**What you need to do:**
Starting at the first line of the listing below, retype each line up to and including the one that contains "Below is an". Leave pictures out.

**Data excerpt:**
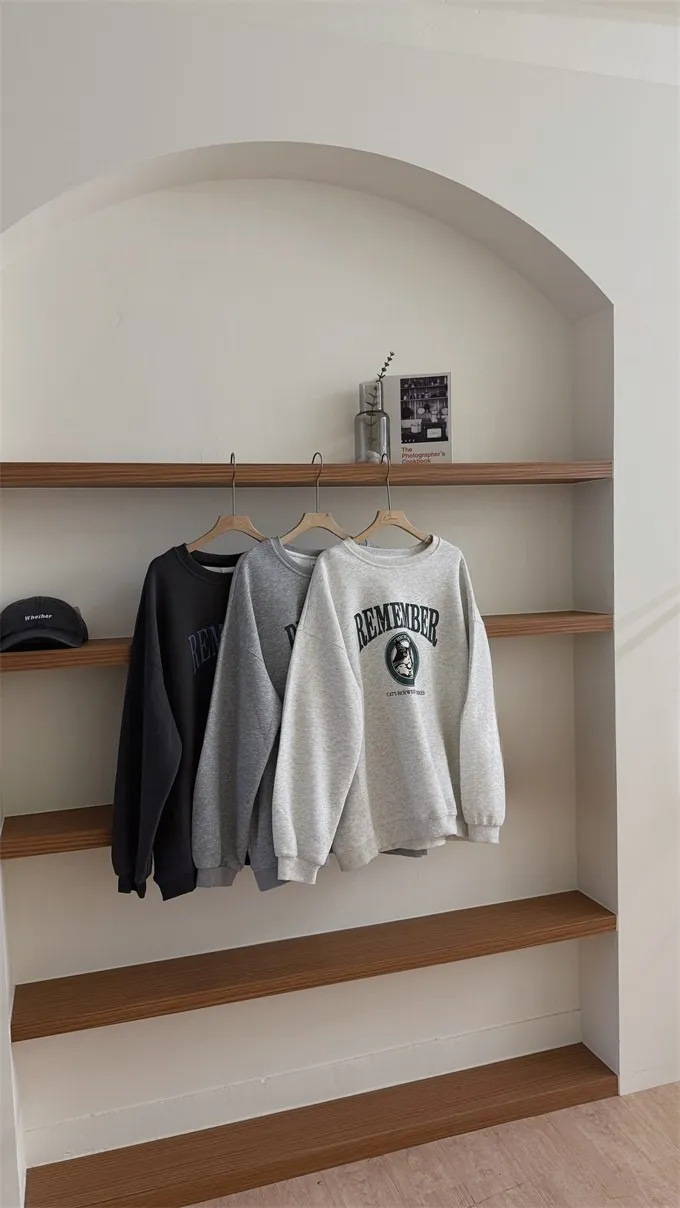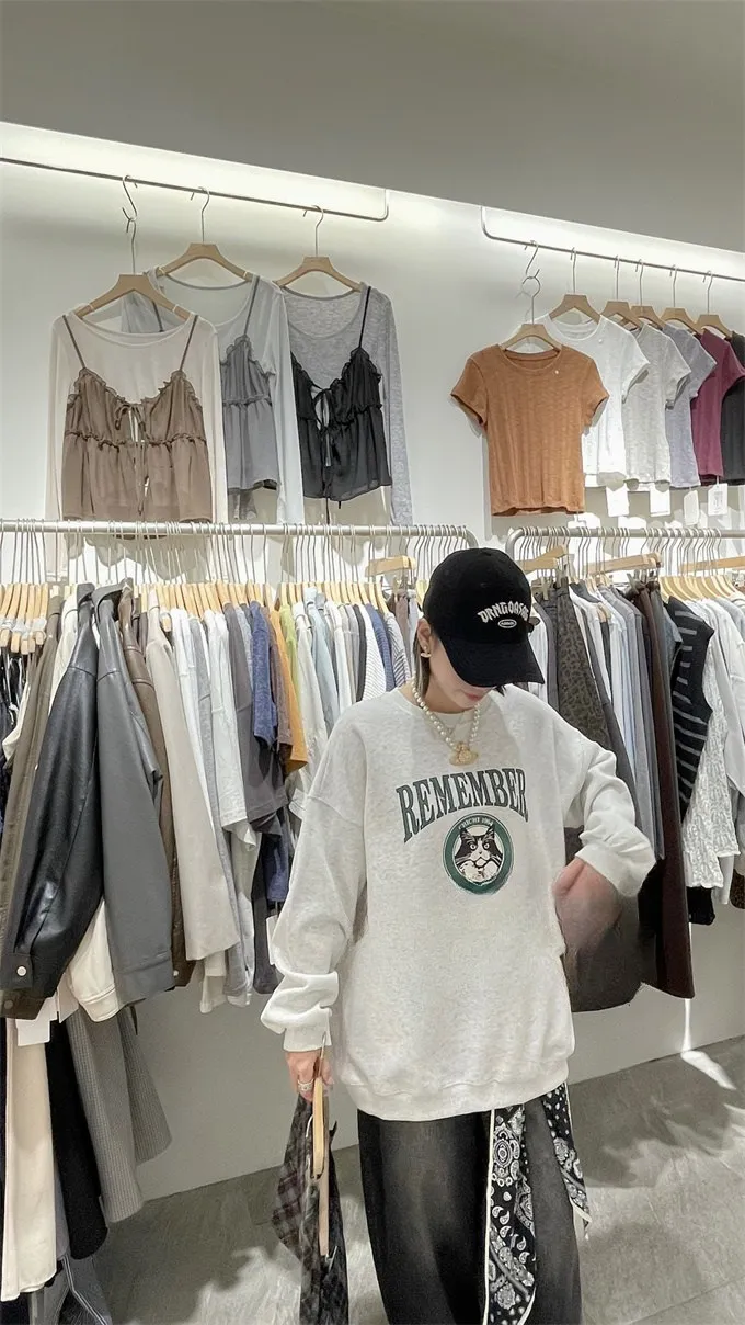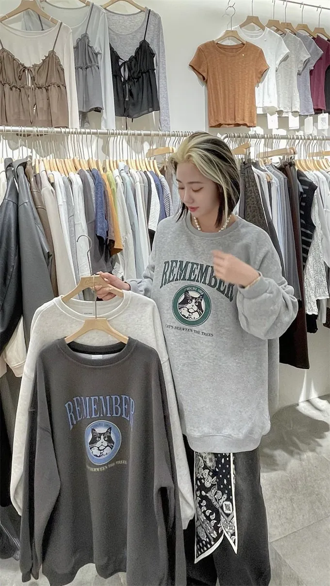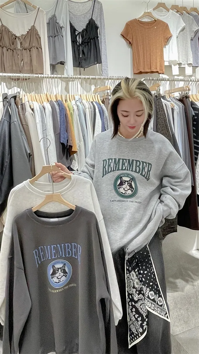 小黑貓韓版落肩大學T_B17
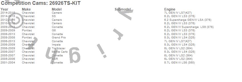 Below is an abbreviated list of applications for the LS Engine Dual Valve Spring Kit.
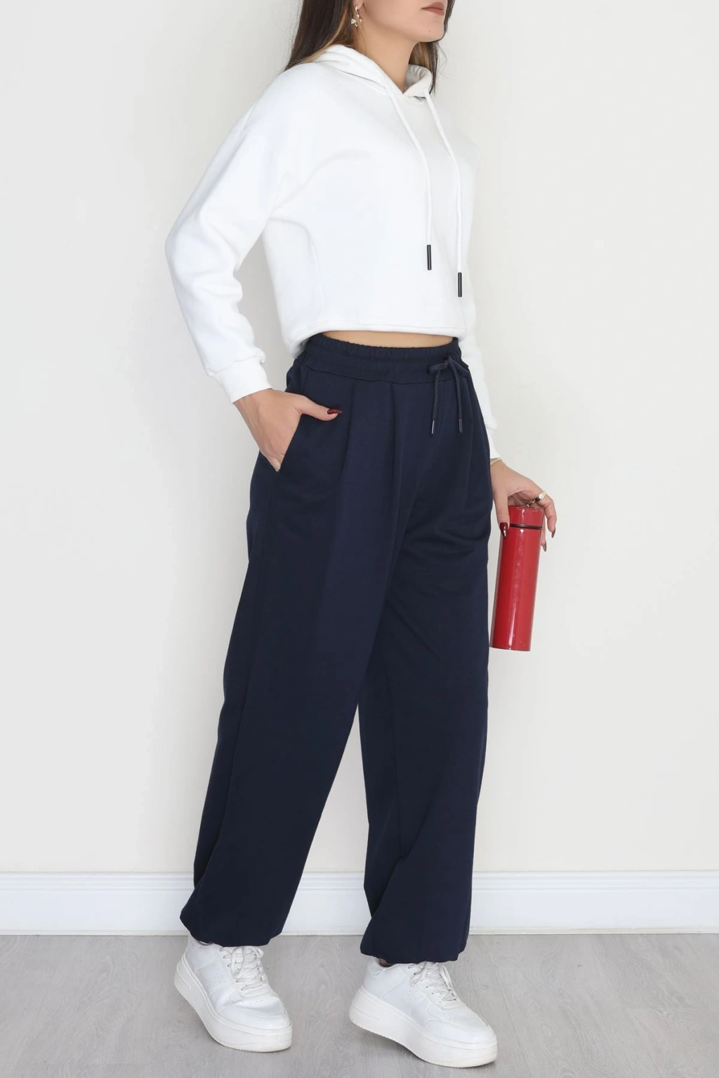 # Yüksek Bel Salaş Eşofman Altı ## Özgün Tasarım ve Rahatlık Maksimum konfor sunan **yüksek bel eşofman altı** modelimiz, lacivert rengi ve rahat kalıbıyla günlük stilinize dinamizm katıyor. Bu parça, kaliteli 2 iplik kumaş yapısıyla yumuşak bir dokunuş sağlarken, esnek özelliği sayesinde hareket özgürlüğünüzü destekler. Özel pileli detayları, salaş kesimine zarif bir hava katarak modern bir görünüm sunar. Bu **lacivert eşofman**, paça lastikli bitişiyle bilekte toplanarak çağdaş bir silüet oluşturur ve giyim rahatlığını artırır. Yüksek bel formu, gün boyu destek ve konfor sağlarken, geniş kesimiyle her an rahat hissetmenizi garantiler. Hem şıklığı hem de konforu bir arada arayanlar için ideal olan bu tasarım, uygun fiyatlı bir seçenektir. Hemen sepete ekleyin.

**Reply to the task:**
 小黑貓韓版落肩大學T_B17
 Below is an abbreviated list of applications for the LS Engine Dual Valve Spring Kit.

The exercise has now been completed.